=== About this exercise ===
Retype word for word the stretch of entries below from the line that has "A nice addition" through the line that has "l 經(jīng)特殊設(s", and omit the pictures.

=== Provided data ===
┄┄┄┄┄┄┄┄┄┄┄┄┄┄┄┄┄┄┄┄

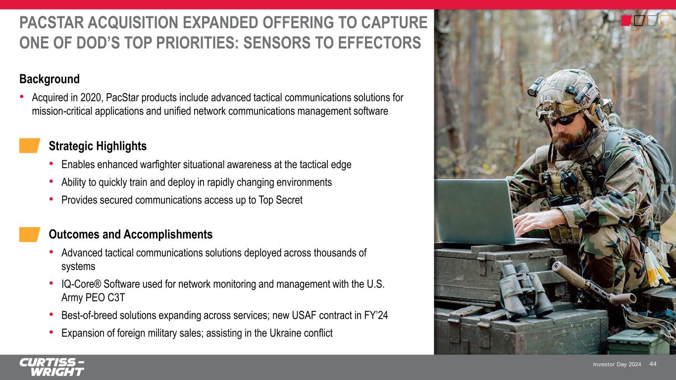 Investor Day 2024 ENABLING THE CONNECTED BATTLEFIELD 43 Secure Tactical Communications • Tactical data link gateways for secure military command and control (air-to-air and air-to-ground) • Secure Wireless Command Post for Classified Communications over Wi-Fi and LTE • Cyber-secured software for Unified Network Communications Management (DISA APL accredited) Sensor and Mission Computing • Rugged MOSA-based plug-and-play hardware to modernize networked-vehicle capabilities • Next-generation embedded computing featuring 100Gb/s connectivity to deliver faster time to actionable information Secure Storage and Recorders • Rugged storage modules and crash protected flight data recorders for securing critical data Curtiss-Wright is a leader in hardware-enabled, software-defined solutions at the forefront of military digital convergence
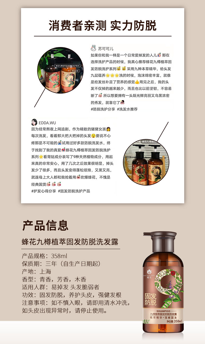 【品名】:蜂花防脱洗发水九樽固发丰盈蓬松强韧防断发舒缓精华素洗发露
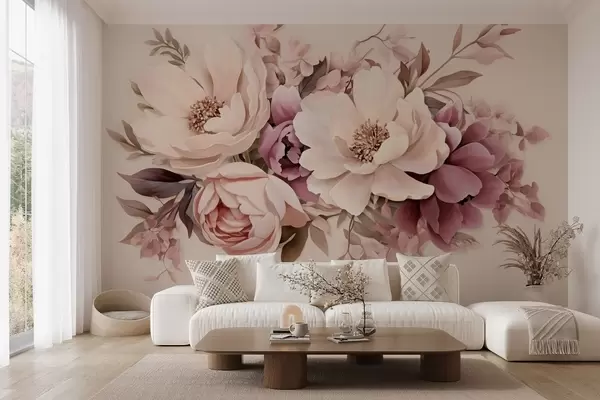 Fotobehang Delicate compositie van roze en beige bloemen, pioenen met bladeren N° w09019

┄┄┄┄┄┄┄┄┄┄┄┄┄┄┄┄┄┄┄┄

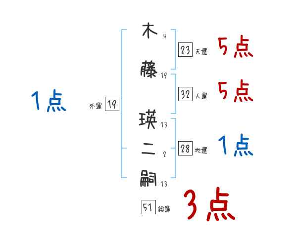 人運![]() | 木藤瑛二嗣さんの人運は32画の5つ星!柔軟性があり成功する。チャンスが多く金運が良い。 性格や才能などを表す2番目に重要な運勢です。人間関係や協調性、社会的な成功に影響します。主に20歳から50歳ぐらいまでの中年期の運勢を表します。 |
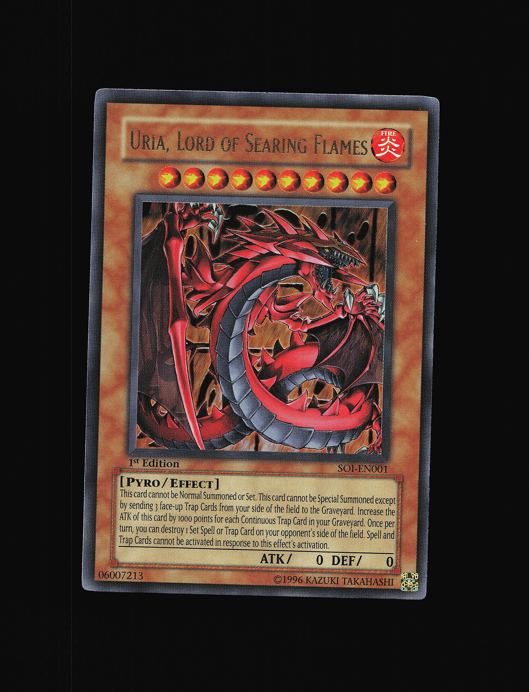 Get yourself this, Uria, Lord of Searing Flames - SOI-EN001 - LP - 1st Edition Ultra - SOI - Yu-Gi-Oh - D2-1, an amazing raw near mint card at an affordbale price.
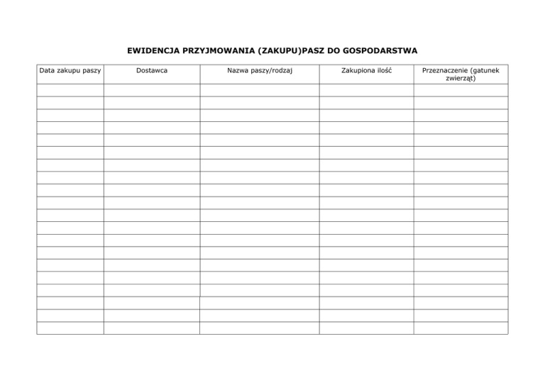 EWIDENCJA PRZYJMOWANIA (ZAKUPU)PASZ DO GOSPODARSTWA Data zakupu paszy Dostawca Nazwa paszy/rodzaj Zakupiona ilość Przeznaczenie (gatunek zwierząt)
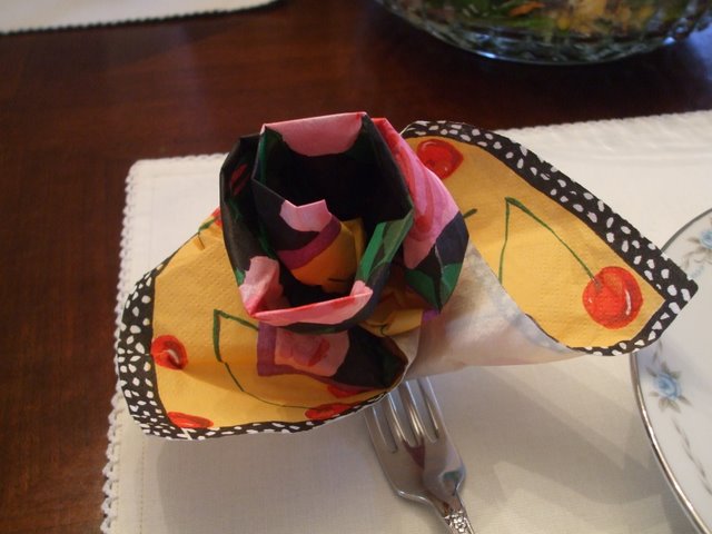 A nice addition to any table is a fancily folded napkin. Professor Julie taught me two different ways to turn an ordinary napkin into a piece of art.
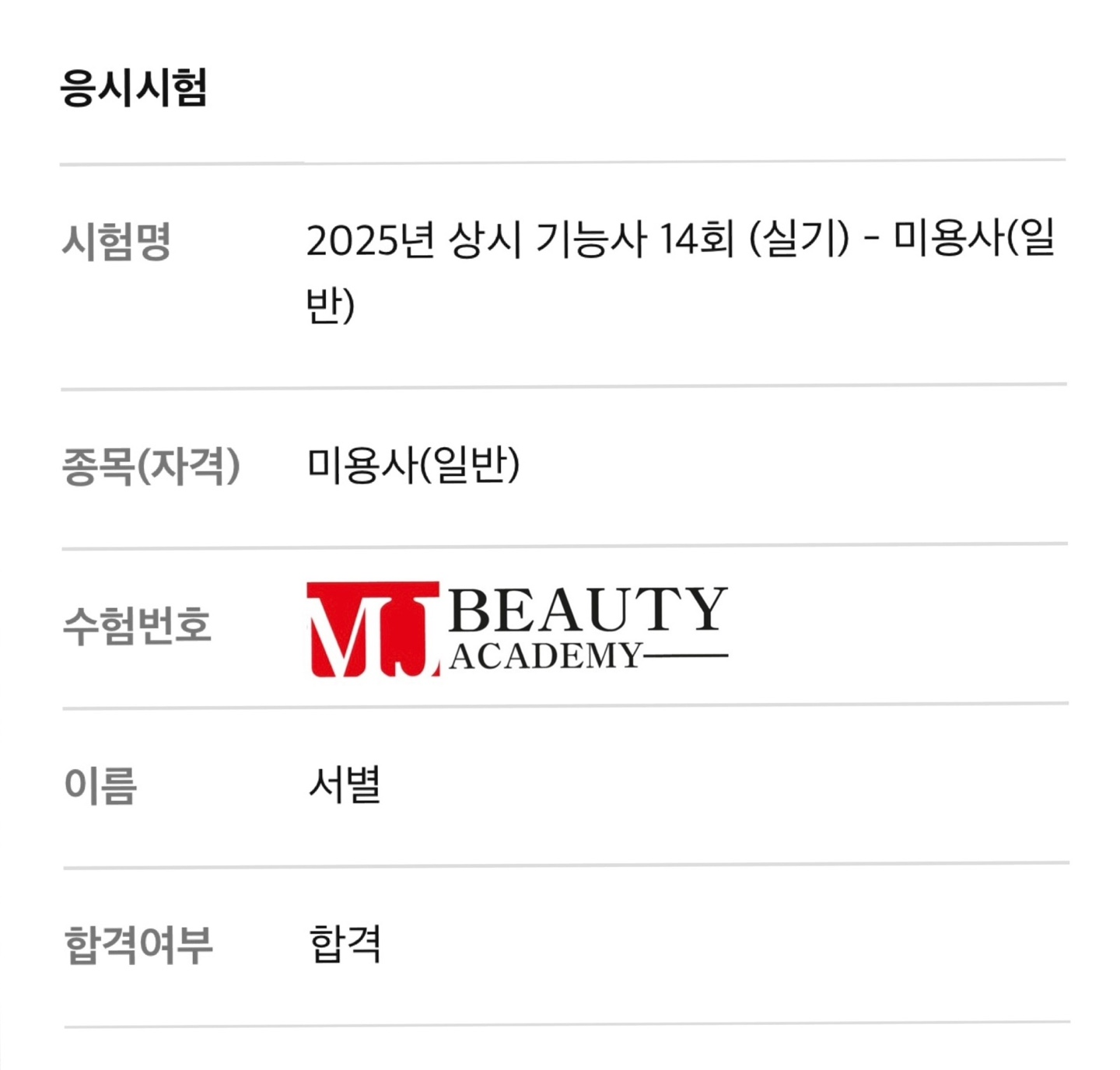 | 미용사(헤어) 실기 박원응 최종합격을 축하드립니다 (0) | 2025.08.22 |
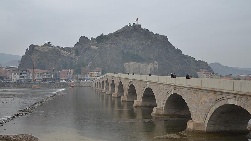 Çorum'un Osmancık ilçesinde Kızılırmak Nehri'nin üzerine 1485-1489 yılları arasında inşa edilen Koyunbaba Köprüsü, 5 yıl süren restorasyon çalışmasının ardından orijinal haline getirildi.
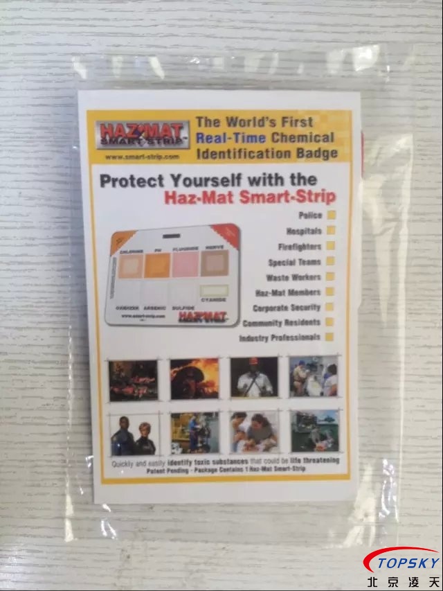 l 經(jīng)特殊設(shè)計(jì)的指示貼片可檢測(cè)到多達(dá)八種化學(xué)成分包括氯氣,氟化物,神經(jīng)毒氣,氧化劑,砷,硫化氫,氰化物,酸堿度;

┄┄┄┄┄┄┄┄┄┄┄┄┄┄┄┄┄┄┄┄

=== Answer space ===
 A nice addition to any table is a fancily folded napkin. Professor Julie taught me two different ways to turn an ordinary napkin into a piece of art.
 | 미용사(헤어) 실기 박원응 최종합격을 축하드립니다 (0) | 2025.08.22 |
 Çorum'un Osmancık ilçesinde Kızılırmak Nehri'nin üzerine 1485-1489 yılları arasında inşa edilen Koyunbaba Köprüsü, 5 yıl süren restorasyon çalışmasının ardından orijinal haline getirildi.
 l 經(jīng)特殊設(shè)計(jì)的指示貼片可檢測(cè)到多達(dá)八種化學(xué)成分包括氯氣,氟化物,神經(jīng)毒氣,氧化劑,砷,硫化氫,氰化物,酸堿度;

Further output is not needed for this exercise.